**Data in this exercise:**

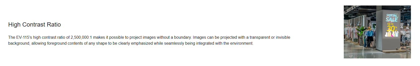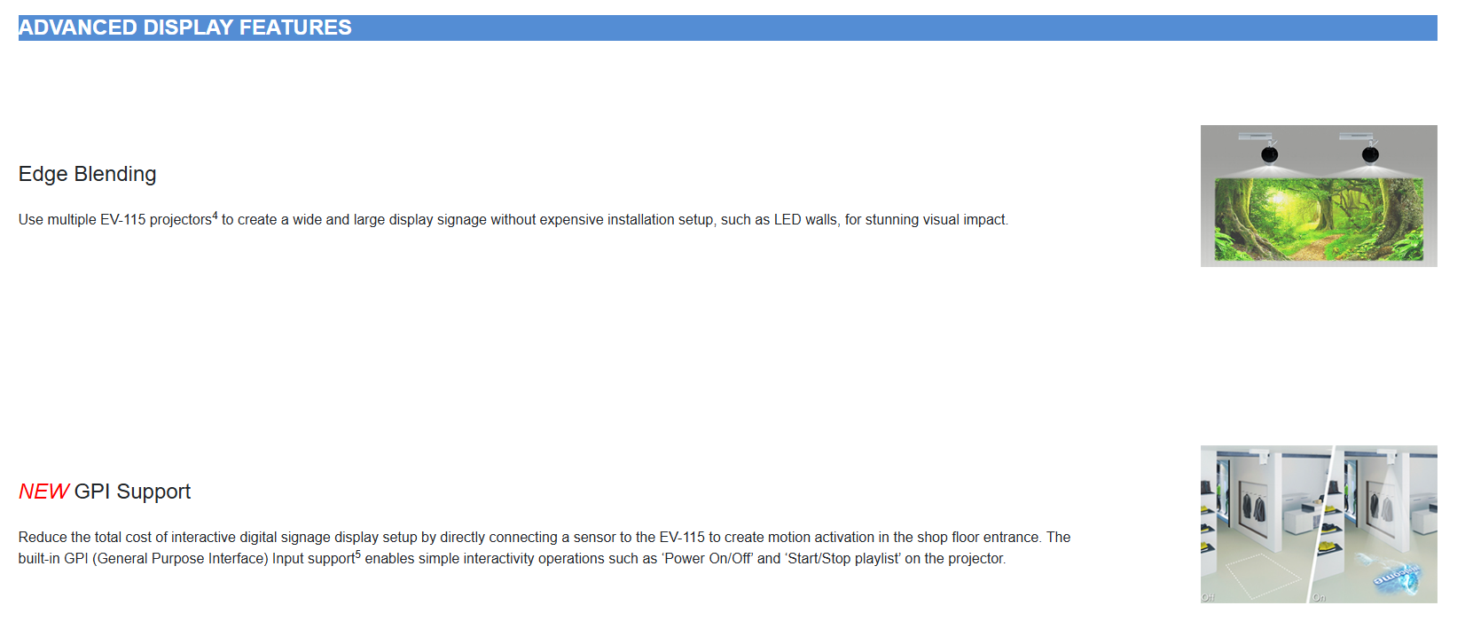 • Scalable, for an array of applications – install multiple EV-110 projectors and utilise Edge Blending technology for versatile, breathtaking displays
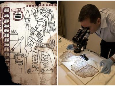 研究人员证明该份象形文字手抄稿,为古玛雅文明时代的文物。格...
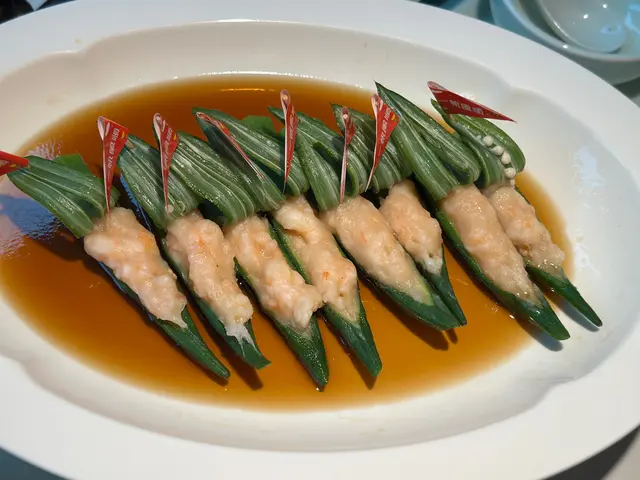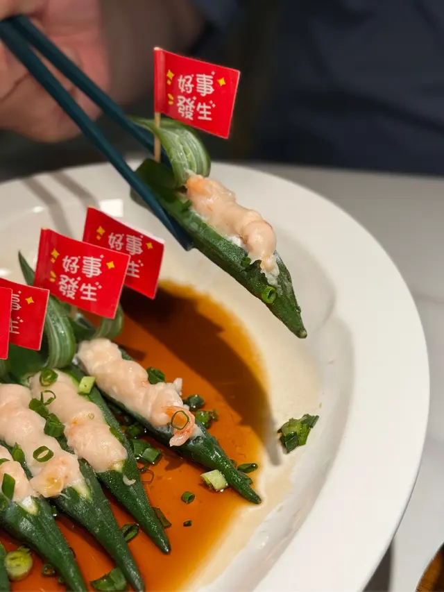 創意除了在裝修設計,當然都會滲入於菜式當中。將秋葵與蝦滑結合,寓意一帆風順,「好事發生」。彈牙的蝦滑🦐與滑潺潺的秋葵,兩者味道與口感和而不同,沒有衝突,主要想吃個意頭吧!
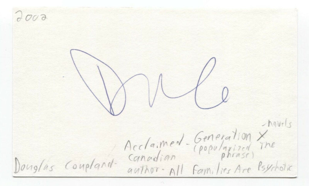 Douglas Coupland Signed 3x5 Index Card Autographed Signature Author Writer
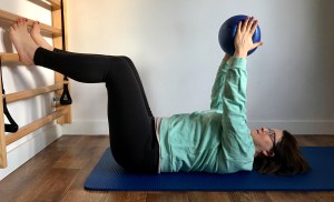 Pozycja: Leżenie na plecach, nogi ustawione na szerokość bioder, zgięte w kolanach. Stopy oparte o drabinkę. Kość krzyżowa i odcinek piersiowy leżą ciężko. Miednica i odcinek lędźwiowy w neutralnej pozycji. Piłeczka umieszczona w dłoniach. Ramiona wyciągnięte w górę.
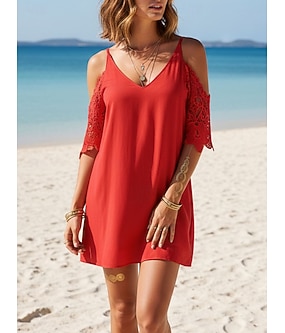 Dam Mini klänning Vit klänning Strandklänning Svart klänning Cover Up Elegant Mode Klassisk Dagligen Utomhus Strand Normal Slät Långärmad V-hals Svart Vit Rosenröd Sommar Vår
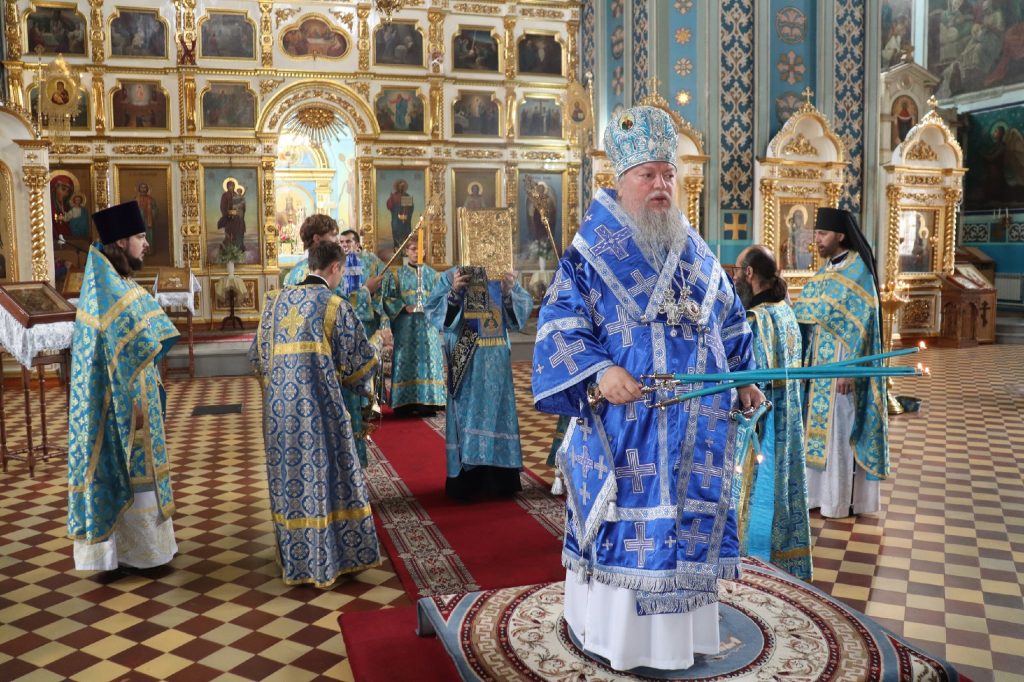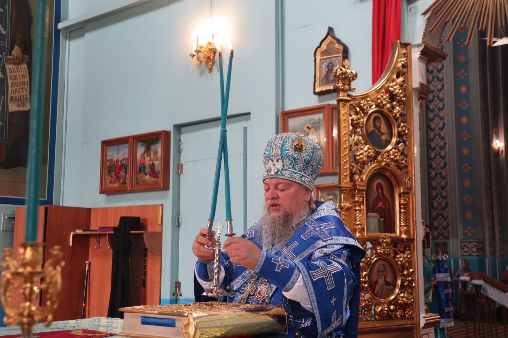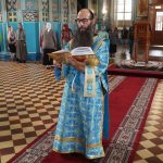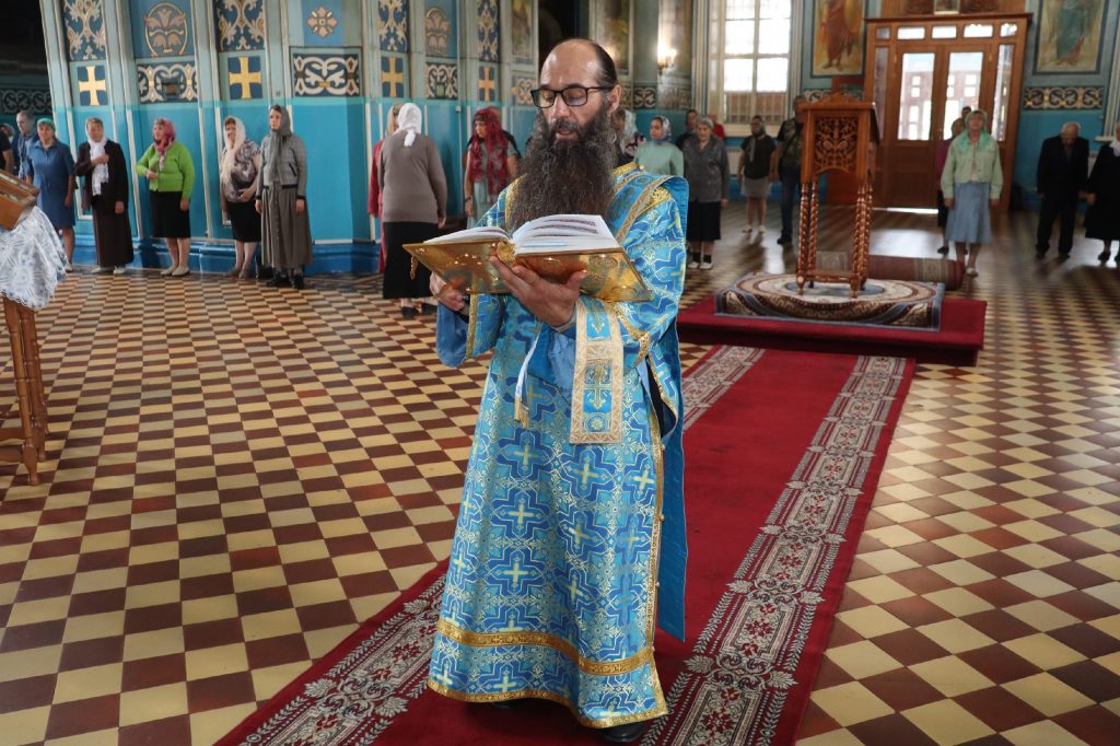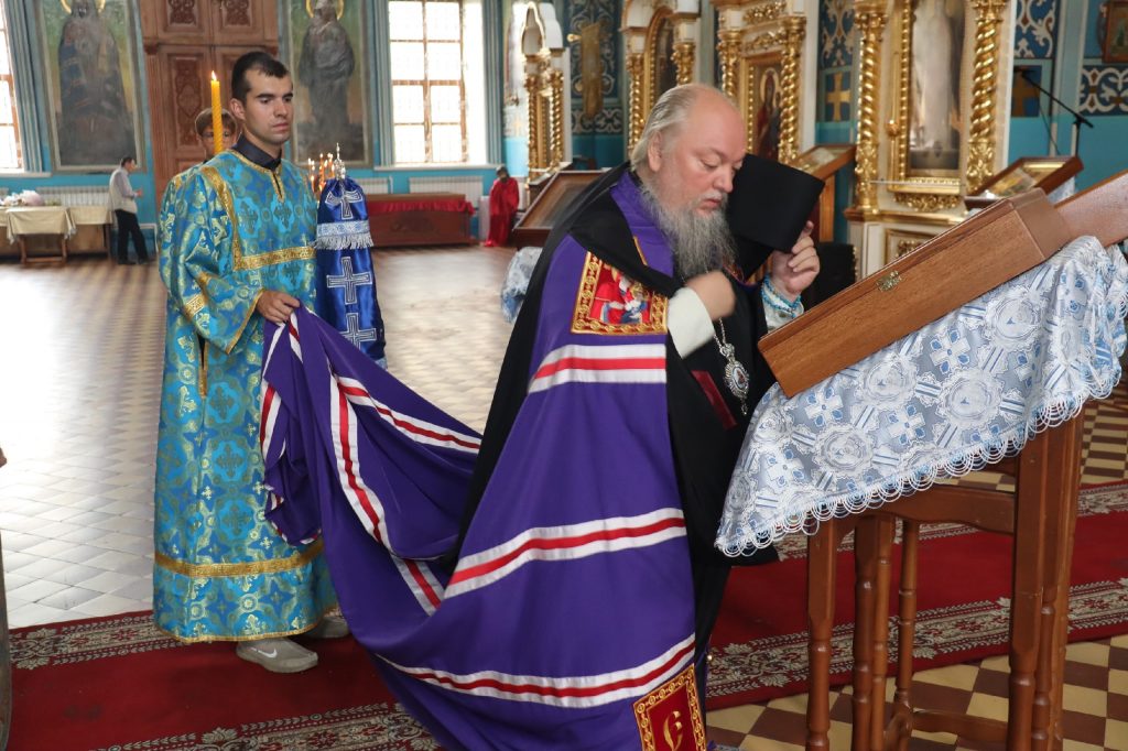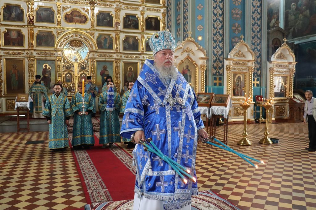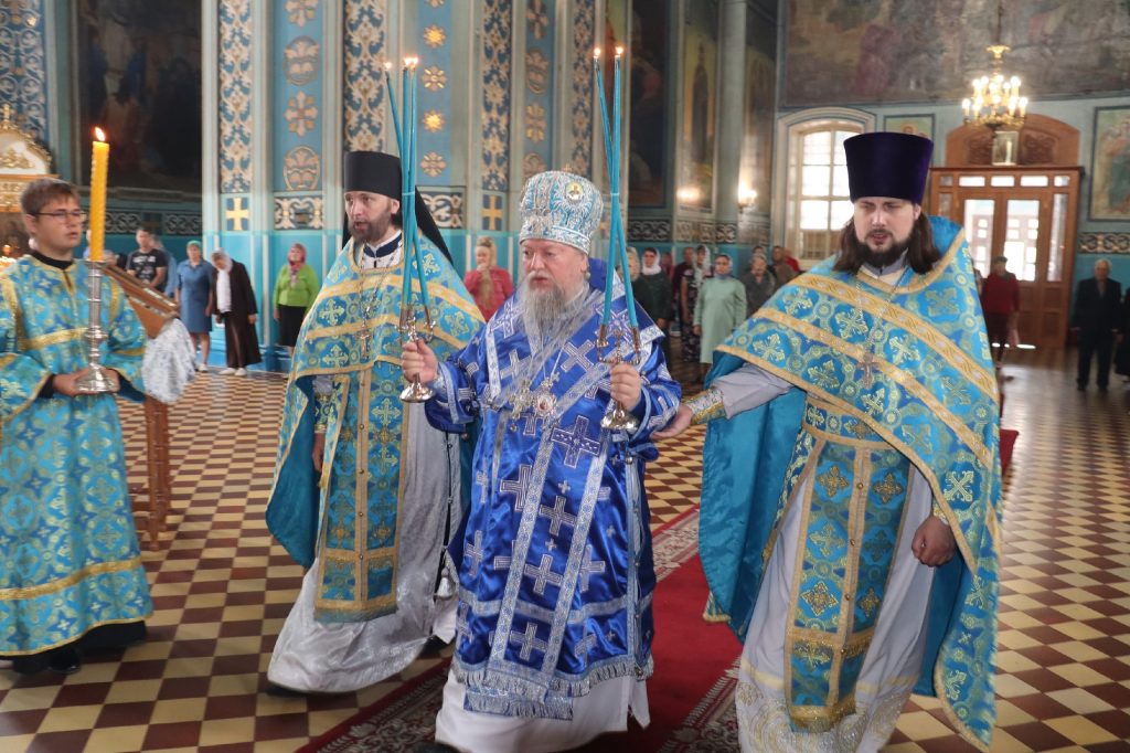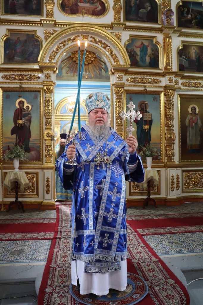Его Преосвященству сослужили: иеромонах Амвросий (Макаров), врио. секретаря Епархиального Управления; клирик собора и руководитель епархиального отдела религиозного образования и катехизации иерей Александр Федин; иеродиакон Иннокентий (Ганин), диакон Владимир Эрекайкин, диакон Михаил Клопов.
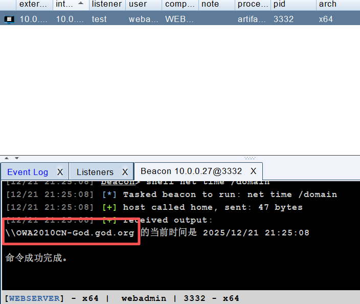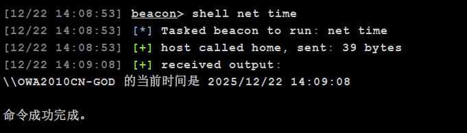 进入beacon,输入命令判断是否为域环境:shell net time /domain
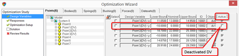 - If the designable entity (whose data-member has been used to create a DV) is deactivated, then such design variable will be greyed out and will not be used in the optimization study.

**The problem:**
A faithful copy is needed: reproduce all of the data above, leaving the pictures out.

**Task response:**
 • Scalable, for an array of applications – install multiple EV-110 projectors and utilise Edge Blending technology for versatile, breathtaking displays
 研究人员证明该份象形文字手抄稿,为古玛雅文明时代的文物。格...
 創意除了在裝修設計,當然都會滲入於菜式當中。將秋葵與蝦滑結合,寓意一帆風順,「好事發生」。彈牙的蝦滑🦐與滑潺潺的秋葵,兩者味道與口感和而不同,沒有衝突,主要想吃個意頭吧!
 Douglas Coupland Signed 3x5 Index Card Autographed Signature Author Writer
 Pozycja: Leżenie na plecach, nogi ustawione na szerokość bioder, zgięte w kolanach. Stopy oparte o drabinkę. Kość krzyżowa i odcinek piersiowy leżą ciężko. Miednica i odcinek lędźwiowy w neutralnej pozycji. Piłeczka umieszczona w dłoniach. Ramiona wyciągnięte w górę.
 Dam Mini klänning Vit klänning Strandklänning Svart klänning Cover Up Elegant Mode Klassisk Dagligen Utomhus Strand Normal Slät Långärmad V-hals Svart Vit Rosenröd Sommar Vår
Его Преосвященству сослужили: иеромонах Амвросий (Макаров), врио. секретаря Епархиального Управления; клирик собора и руководитель епархиального отдела религиозного образования и катехизации иерей Александр Федин; иеродиакон Иннокентий (Ганин), диакон Владимир Эрекайкин, диакон Михаил Клопов.
 进入beacon,输入命令判断是否为域环境:shell net time /domain
 - If the designable entity (whose data-member has been used to create a DV) is deactivated, then such design variable will be greyed out and will not be used in the optimization study.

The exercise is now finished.